*** DATA EXCERPTS ***
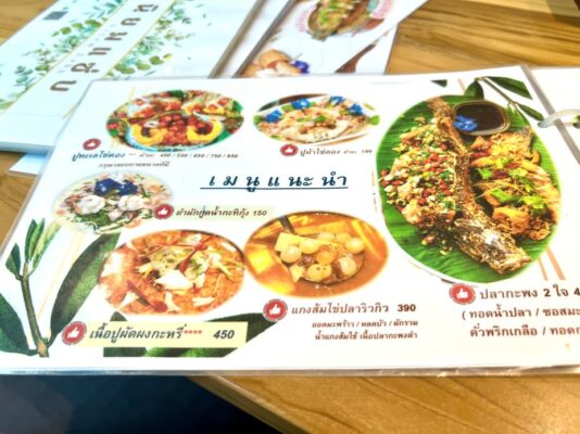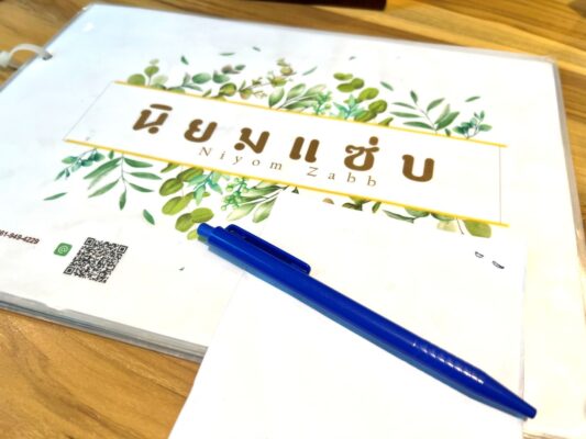 こちらのお店はメニューがタイ語で、オーダー時にはお客さん自身がタイ語で料理の名前を書く必要があります。人気店で、大変混雑するためにこのような方法をとっているのかもしれません。
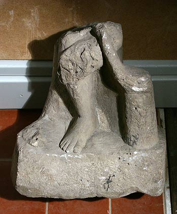 - Mythische Figur (Cautopates) oder Trauergenius (?): auf vorspringendem Sockel Reste der nackten gekreuzten Beine einer Figur mit gesenkter Fackel.
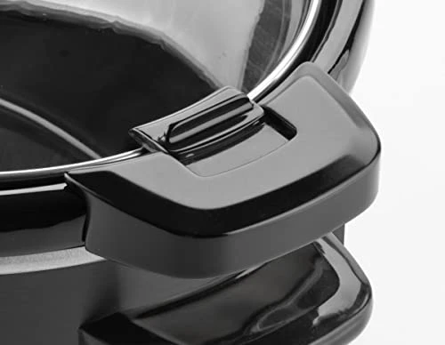 - INTEGRATED LID LATCH: The sliding latch in the handle connects the stoneware insert and the glass lid for convenient transporting and serving.
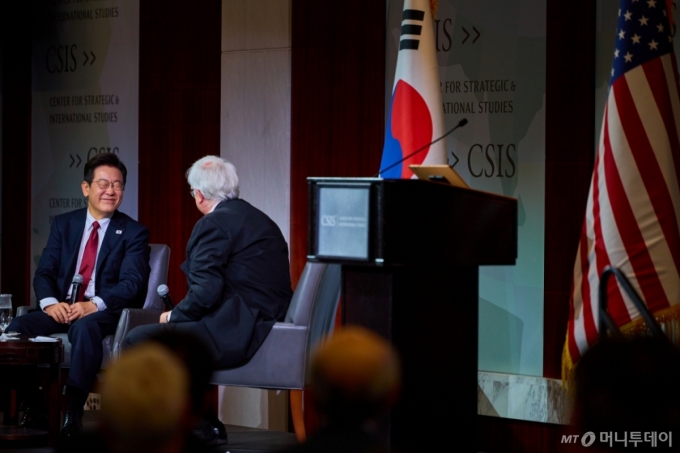 (서울=뉴스1) 이재명 기자 = 이재명 대통령이 25일(현지시간) 미국 워싱턴 DC 국제전략문제연구소(CSIS)에서 정책 연설을 마친 후 존 햄리 CSIS 소장의 질문에 답변하고 있다. (이재명 대통령 SNS. 재판매 및 DB 금지) 2025.8.28/뉴스1 Copyright (C) 뉴스1. All rights reserved. 무단 전재 및 재배포, AI학습 이용 금지. /사진=(서울=뉴스1) 이재명 기자 |
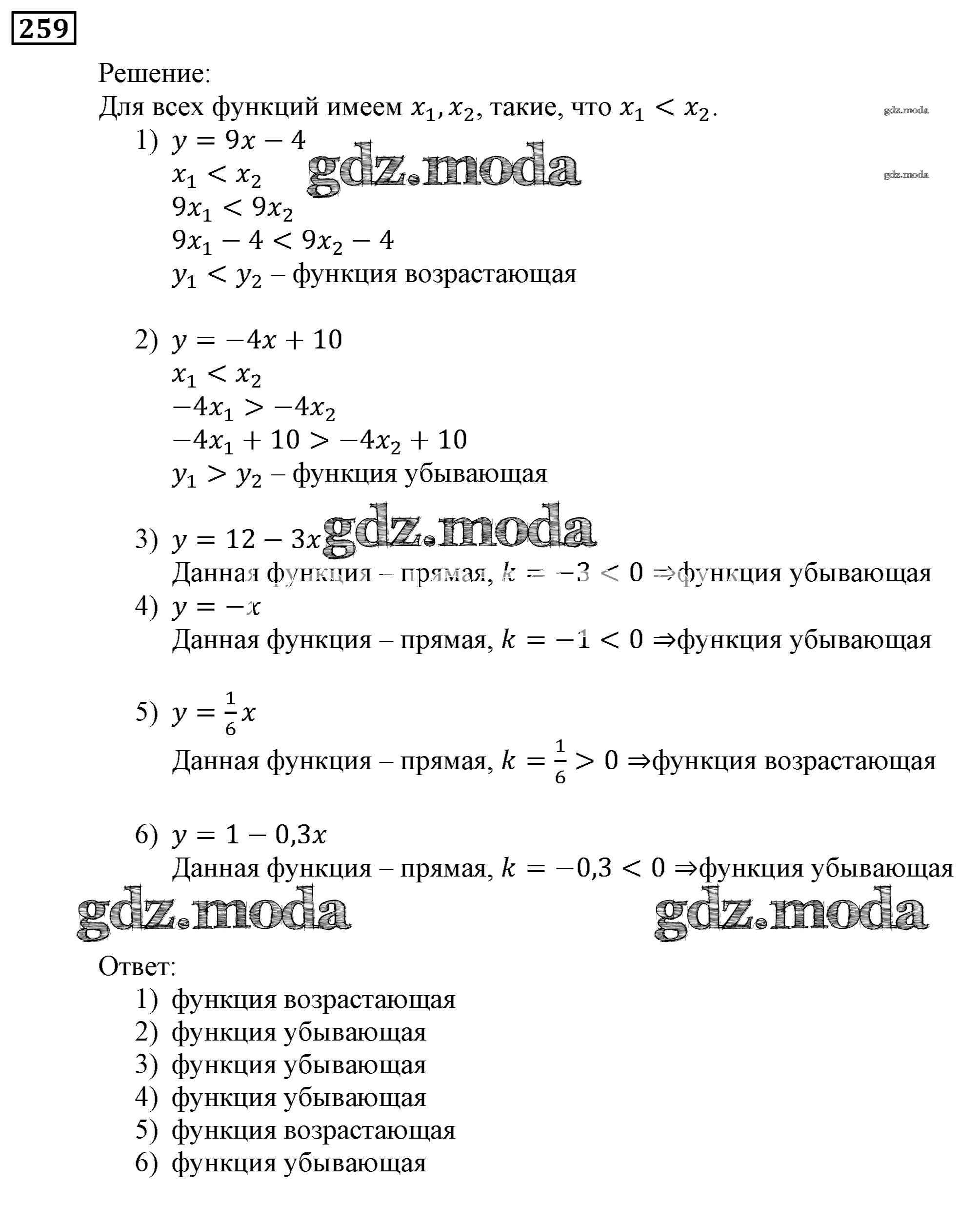 ОТВЕТ на задание № 259 Учебник по Алгебре 9 класс Мерзляк Алгоритм успеха
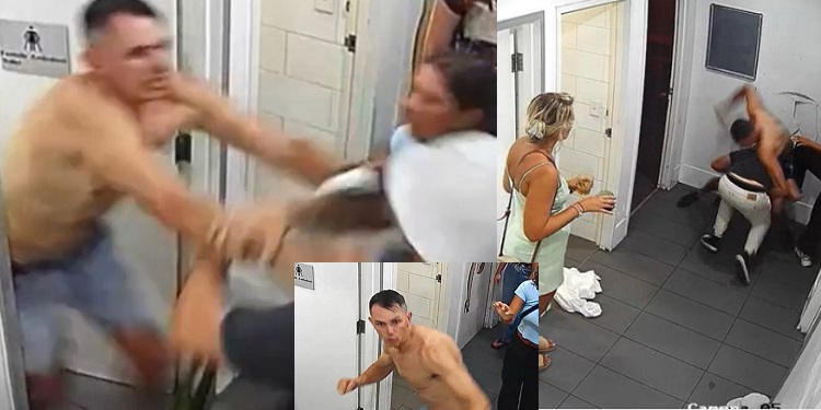CCTV played at the court shows the 28-year-old clubgoer rushing out of the disabled toilet cubicle without a shirt and throwing a flurry of punches at the cleaner, who had been knocking on the door for about three minutes.
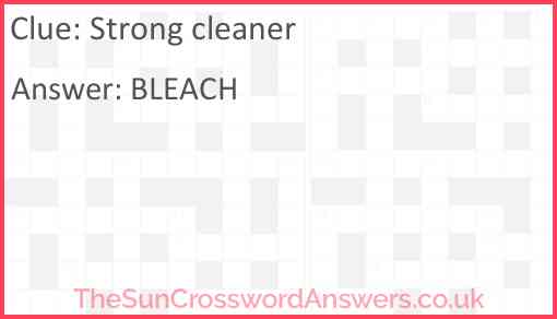 Strong cleaner is a crossword clue for which we have 1 possible answer and we have spotted 4 times in our database. This crossword clue was last seen on 18 September 2024 in The Sun Coffee Time Crossword puzzle!
*** End of DATA EXCERPTS ***
EXERCISE GOAL
Pictures stay out; everything else in the listing above is to be repeated exactly.

PROBLEM SOLUTION
 こちらのお店はメニューがタイ語で、オーダー時にはお客さん自身がタイ語で料理の名前を書く必要があります。人気店で、大変混雑するためにこのような方法をとっているのかもしれません。
 - Mythische Figur (Cautopates) oder Trauergenius (?): auf vorspringendem Sockel Reste der nackten gekreuzten Beine einer Figur mit gesenkter Fackel.
 - INTEGRATED LID LATCH: The sliding latch in the handle connects the stoneware insert and the glass lid for convenient transporting and serving.
 (서울=뉴스1) 이재명 기자 = 이재명 대통령이 25일(현지시간) 미국 워싱턴 DC 국제전략문제연구소(CSIS)에서 정책 연설을 마친 후 존 햄리 CSIS 소장의 질문에 답변하고 있다. (이재명 대통령 SNS. 재판매 및 DB 금지) 2025.8.28/뉴스1 Copyright (C) 뉴스1. All rights reserved. 무단 전재 및 재배포, AI학습 이용 금지. /사진=(서울=뉴스1) 이재명 기자 |
 ОТВЕТ на задание № 259 Учебник по Алгебре 9 класс Мерзляк Алгоритм успеха
CCTV played at the court shows the 28-year-old clubgoer rushing out of the disabled toilet cubicle without a shirt and throwing a flurry of punches at the cleaner, who had been knocking on the door for about three minutes.
 Strong cleaner is a crossword clue for which we have 1 possible answer and we have spotted 4 times in our database. This crossword clue was last seen on 18 September 2024 in The Sun Coffee Time Crossword puzzle!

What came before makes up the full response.